SUPPLIED ENTRIES
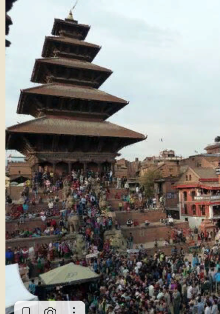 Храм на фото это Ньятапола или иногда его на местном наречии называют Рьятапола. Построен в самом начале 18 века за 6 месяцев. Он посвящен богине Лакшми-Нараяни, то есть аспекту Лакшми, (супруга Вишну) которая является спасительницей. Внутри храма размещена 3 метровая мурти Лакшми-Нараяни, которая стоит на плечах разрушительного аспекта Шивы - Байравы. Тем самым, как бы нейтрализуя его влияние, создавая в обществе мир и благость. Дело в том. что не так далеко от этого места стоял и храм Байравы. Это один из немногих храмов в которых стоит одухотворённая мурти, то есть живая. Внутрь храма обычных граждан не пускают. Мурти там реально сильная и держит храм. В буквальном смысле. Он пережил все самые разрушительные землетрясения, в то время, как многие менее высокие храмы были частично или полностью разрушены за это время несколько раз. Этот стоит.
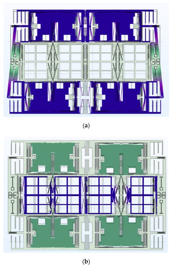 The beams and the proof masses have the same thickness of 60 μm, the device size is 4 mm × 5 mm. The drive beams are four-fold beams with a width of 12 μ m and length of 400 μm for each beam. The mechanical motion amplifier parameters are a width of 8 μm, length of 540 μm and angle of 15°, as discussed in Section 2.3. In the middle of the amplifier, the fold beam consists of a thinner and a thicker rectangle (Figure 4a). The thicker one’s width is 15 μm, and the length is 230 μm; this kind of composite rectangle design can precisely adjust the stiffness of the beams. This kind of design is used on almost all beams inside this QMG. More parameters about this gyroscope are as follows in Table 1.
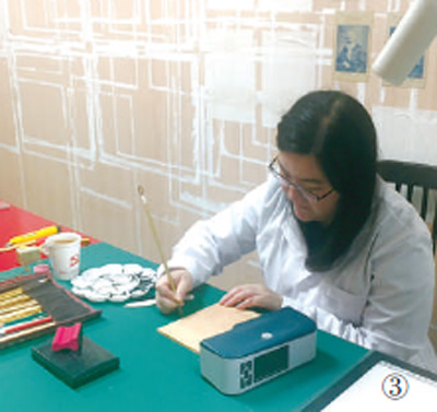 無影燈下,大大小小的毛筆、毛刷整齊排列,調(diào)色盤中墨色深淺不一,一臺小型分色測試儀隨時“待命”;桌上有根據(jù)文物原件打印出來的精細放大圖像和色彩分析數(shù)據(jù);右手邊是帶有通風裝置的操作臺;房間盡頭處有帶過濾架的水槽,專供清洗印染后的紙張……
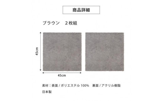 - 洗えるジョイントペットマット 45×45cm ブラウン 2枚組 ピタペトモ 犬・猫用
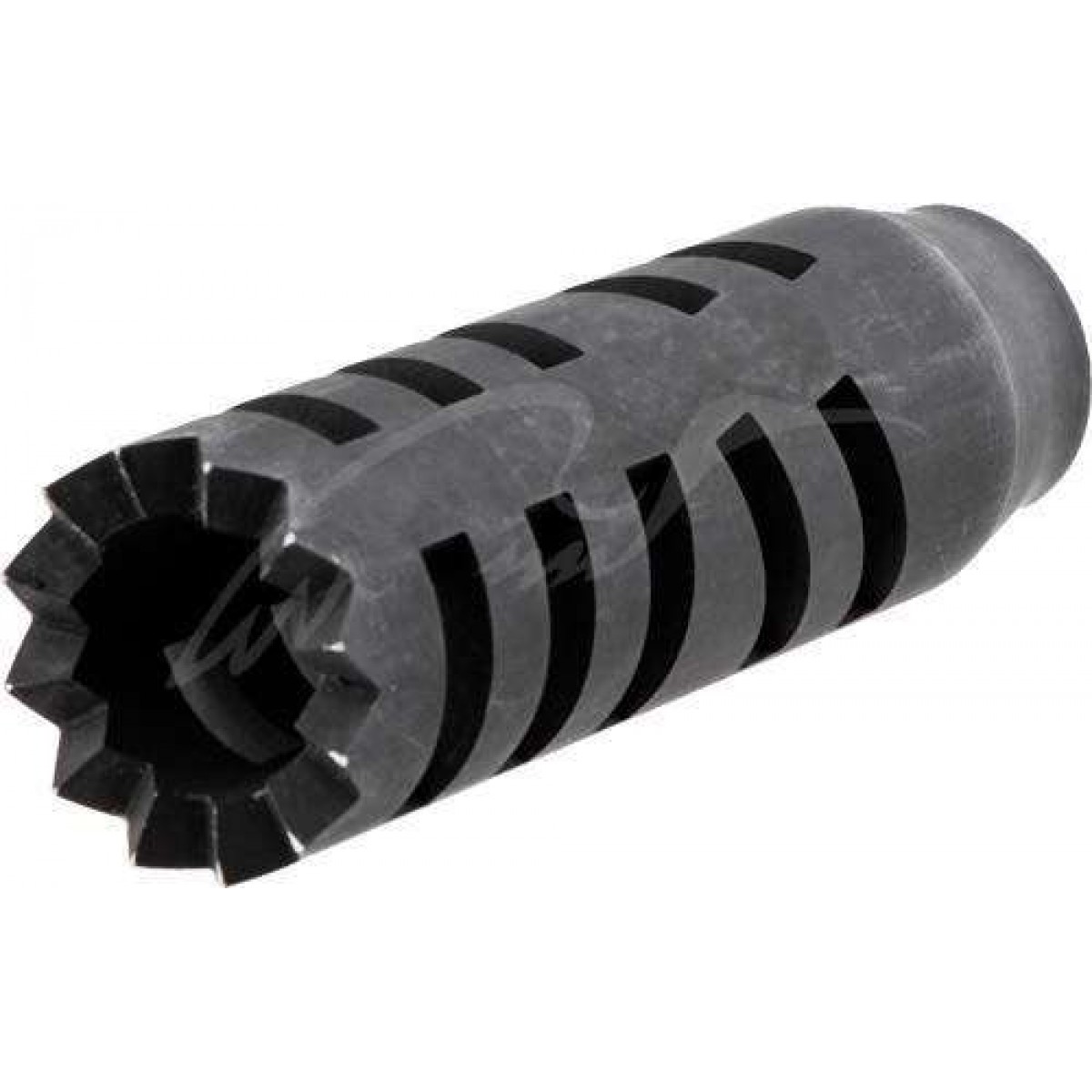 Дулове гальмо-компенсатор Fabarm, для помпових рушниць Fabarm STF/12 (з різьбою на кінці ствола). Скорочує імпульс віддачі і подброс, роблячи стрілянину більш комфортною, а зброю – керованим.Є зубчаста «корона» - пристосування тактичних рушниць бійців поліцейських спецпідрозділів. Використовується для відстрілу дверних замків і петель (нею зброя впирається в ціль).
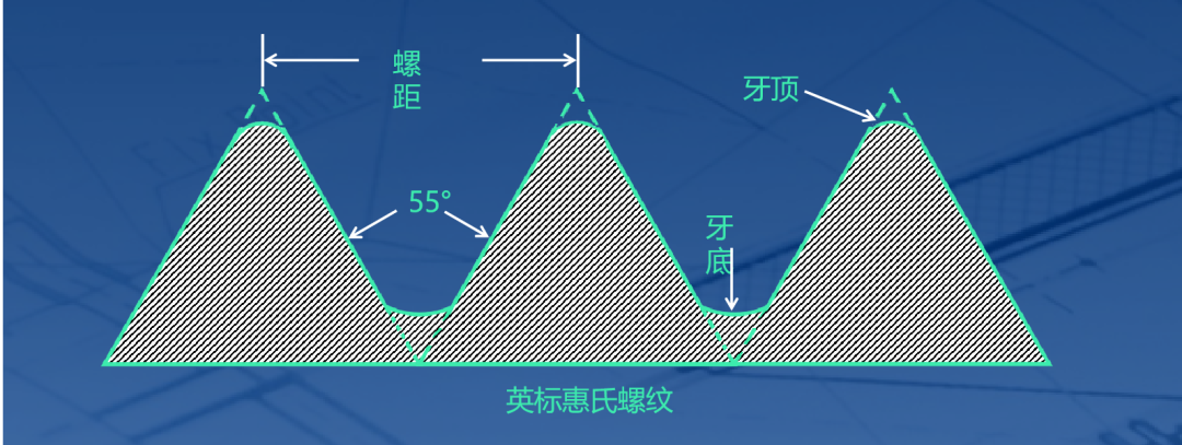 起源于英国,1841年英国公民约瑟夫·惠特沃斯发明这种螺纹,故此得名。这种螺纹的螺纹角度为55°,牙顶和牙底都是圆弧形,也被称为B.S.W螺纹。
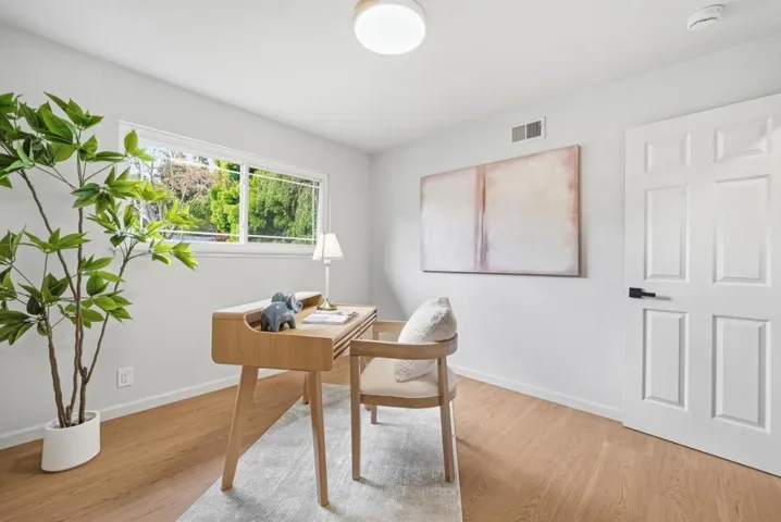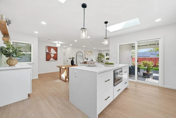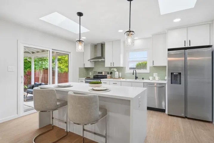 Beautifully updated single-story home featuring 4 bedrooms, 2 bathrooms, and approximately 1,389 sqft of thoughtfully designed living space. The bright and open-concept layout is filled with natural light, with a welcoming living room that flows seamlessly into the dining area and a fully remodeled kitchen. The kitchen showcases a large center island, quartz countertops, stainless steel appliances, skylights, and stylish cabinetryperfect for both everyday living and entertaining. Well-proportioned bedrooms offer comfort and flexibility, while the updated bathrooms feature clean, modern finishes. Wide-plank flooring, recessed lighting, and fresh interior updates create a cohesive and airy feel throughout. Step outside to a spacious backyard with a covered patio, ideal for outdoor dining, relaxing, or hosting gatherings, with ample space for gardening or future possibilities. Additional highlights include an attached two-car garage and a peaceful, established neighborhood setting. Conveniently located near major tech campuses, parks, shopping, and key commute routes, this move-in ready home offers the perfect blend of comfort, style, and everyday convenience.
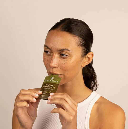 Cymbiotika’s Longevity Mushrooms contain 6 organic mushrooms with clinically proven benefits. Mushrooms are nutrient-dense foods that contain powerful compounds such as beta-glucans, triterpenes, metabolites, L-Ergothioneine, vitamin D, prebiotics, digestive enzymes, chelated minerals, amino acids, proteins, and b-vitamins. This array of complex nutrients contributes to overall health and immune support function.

BRIEF
Your task is to reproduce exactly the lines from the start of the data above through the line containing "The beams and", leaving every picture out.

RESPONSE FOR THIS EXERCISE
 Храм на фото это Ньятапола или иногда его на местном наречии называют Рьятапола. Построен в самом начале 18 века за 6 месяцев. Он посвящен богине Лакшми-Нараяни, то есть аспекту Лакшми, (супруга Вишну) которая является спасительницей. Внутри храма размещена 3 метровая мурти Лакшми-Нараяни, которая стоит на плечах разрушительного аспекта Шивы - Байравы. Тем самым, как бы нейтрализуя его влияние, создавая в обществе мир и благость. Дело в том. что не так далеко от этого места стоял и храм Байравы. Это один из немногих храмов в которых стоит одухотворённая мурти, то есть живая. Внутрь храма обычных граждан не пускают. Мурти там реально сильная и держит храм. В буквальном смысле. Он пережил все самые разрушительные землетрясения, в то время, как многие менее высокие храмы были частично или полностью разрушены за это время несколько раз. Этот стоит.
 The beams and the proof masses have the same thickness of 60 μm, the device size is 4 mm × 5 mm. The drive beams are four-fold beams with a width of 12 μ m and length of 400 μm for each beam. The mechanical motion amplifier parameters are a width of 8 μm, length of 540 μm and angle of 15°, as discussed in Section 2.3. In the middle of the amplifier, the fold beam consists of a thinner and a thicker rectangle (Figure 4a). The thicker one’s width is 15 μm, and the length is 230 μm; this kind of composite rectangle design can precisely adjust the stiffness of the beams. This kind of design is used on almost all beams inside this QMG. More parameters about this gyroscope are as follows in Table 1.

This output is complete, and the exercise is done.